Go through the listing below. Copy each line that has the string "Project".

_LISTED RECORDS_
Start of Block

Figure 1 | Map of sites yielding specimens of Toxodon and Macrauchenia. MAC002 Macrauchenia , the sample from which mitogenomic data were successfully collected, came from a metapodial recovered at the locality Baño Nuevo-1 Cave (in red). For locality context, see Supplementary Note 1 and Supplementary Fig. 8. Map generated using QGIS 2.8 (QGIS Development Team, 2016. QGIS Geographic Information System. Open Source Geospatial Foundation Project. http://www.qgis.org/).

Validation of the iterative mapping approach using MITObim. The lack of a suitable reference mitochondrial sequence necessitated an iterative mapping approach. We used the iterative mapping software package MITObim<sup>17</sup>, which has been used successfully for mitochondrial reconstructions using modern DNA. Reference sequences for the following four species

End of Block
Start of Block

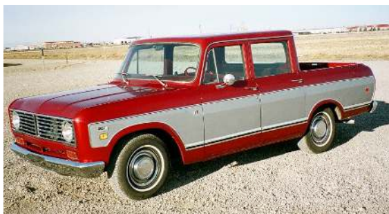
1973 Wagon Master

End of Block
Start of Block

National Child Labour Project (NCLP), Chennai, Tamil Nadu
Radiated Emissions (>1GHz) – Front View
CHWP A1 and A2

End of Block

_REPLY_
Figure 1 | Map of sites yielding specimens of Toxodon and Macrauchenia. MAC002 Macrauchenia , the sample from which mitogenomic data were successfully collected, came from a metapodial recovered at the locality Baño Nuevo-1 Cave (in red). For locality context, see Supplementary Note 1 and Supplementary Fig. 8. Map generated using QGIS 2.8 (QGIS Development Team, 2016. QGIS Geographic Information System. Open Source Geospatial Foundation Project. http://www.qgis.org/).
National Child Labour Project (NCLP), Chennai, Tamil Nadu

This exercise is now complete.